Senior SRE Specialist │ DOU

B2B

DevOps

What project we have for you

We are a publicly-traded FTSE250 FinTech company who run mobile, web and desktop platforms that help our clients trade stocks & shares, leveraged products, Futures & Options and Crypto.

We are ambitious. Over 340,000 people already use our platforms. We’re global with offices in 18 countries and products in 16 regions. We’re hungry to move faster, ship better product for our customers and grow our user base. We believe in high autonomy, and we want people who are looking to do things differently in order to create better experiences for our customers.

We work in cross-functional teams and are laser focused on increasing the number of active clients we serve to drive sustainable growth.

Your teamThe SRE Team comprises highly skilled software engineers dedicated to embedding performance and reliability into our trading platform. You’ll work with cutting-edge distributed systems handling high-throughput, low-latency trading operations that demand zero downtime.

As a Site Reliability Engineer, you’ll champion reliability patterns, improve observability, establish 24/7 operations, and drive operational excellence across our crypto trading platform infrastructure and associated applications.

What you will do

System Reliability & Operations

This role excludes on call support.
Implement comprehensive monitoring and observability using OpenTelemetry and distributed tracing
Establish and maintain operational readiness including automated deployments, blue/green releases, and zero-downtime patching strategies
Define and track Service Level Objectives (SLOs) and Error Budgets for critical crypto trading services
Identify and eliminate single points of failure in distributed systems

Application Instrumentation & Observability

Instrument Java applications with OpenTelemetry spans, metrics, and traces
Work hands-on with development teams to add observability to their code
Guide teams on implementing meaningful SLIs that reflect user experience

Technical Leadership & Enablement

Partner with development teams on system design, capacity planning, and architectural reviews
Provide technical guidance and hands-on support for teams transitioning from traditional deployments to containerized infrastructure
Mentor developers on reliability patterns including circuit breakers, retry logic, and fault tolerance
Lead by example – write production code that demonstrates SRE best practices

Software Development & Automation

Write clean, maintainable code in Java and Python following industry best practices
Build automation tools and CI/CD pipelines that embed reliability practices
Contribute to application codebases to implement instrumentation and reliability patterns
Apply software engineering discipline including version control, code reviews, and testing

What you need for this

Java development experience– Must be able to read, write, and instrument Java code.
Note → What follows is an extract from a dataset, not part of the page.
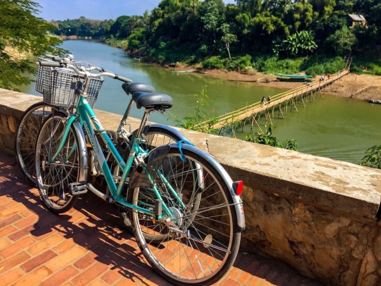 Other temples and monasteries we enjoyed were Wat Xien Muang, Wat Xienthong, That Makmo pagoda and Wat Mahathat. Some 3km outside of the centre, there’s a lovely pagoda towering lonely above the city – Wat Phon Phao. There was not a single tourist here, in fact there was not a single human soul at this temple. After our exhausting bike ride, we parked up by the river at the View Point Cafe for lunch and lovely views across the river .
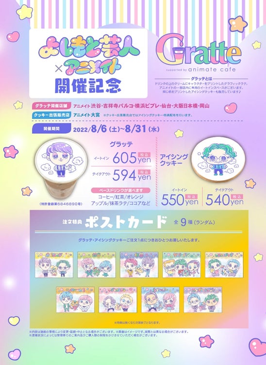 また、コラボを記念した『よしもと芸人×アニメイト』開催記念Gratte(グラフィックラテ・アイシングクッキー)を8月6日(土)よりアニメイトの一部店舗で販売いたします。

Deep understanding of JVM internals and experience with complex distributed Java applications

Observability & Instrumentation – Hands-on experience with OpenTelemetry, distributed tracing concepts (spans, trace context propagation), and observability platforms such as Honeycomb, Datadog, Dynatrace, Splunk or Grafana. Strong understanding of OpenTelemetry Collector pipelines, including data transformation, enrichment, and labeling, use of processors (attributes, resource, transform, span, tail sampling), and propagation of custom business identifiers (e.g., customer/tenant/transaction IDs) across services to enable end-to-end trace correlation between heterogeneous systems, applications, and environments.

SLO/SLI Expertise – Proven experience defining SLOs based on SLIs, establishing error budgets, and working with development teams on reliability measurement

Reliability Patterns – Solid understanding of circuit breakers, retry logic, bulkheads, and other fault tolerance patterns

Cloud – AWS & Kubernetes Platform Engineering– Strong hands-on experience with AWS as the primary cloud provider, including production workloads on Amazon EKS. Proven expertise in Kubernetes networking, covering ingress and egress controllers (e.g., ALB / NGINX / Envoy), service configuration and fine-tuning (requests/limits, HPA/VPA, pod disruption budgets, network policies), and traffic management. Demonstrated ability to investigate and optimize performance and reliability using metrics, logs, and traces, complemented by chaos engineering practices (fault injection, node/pod failures, network latency, dependency outages) to validate system resilience and high availability under real-world failure scenarios.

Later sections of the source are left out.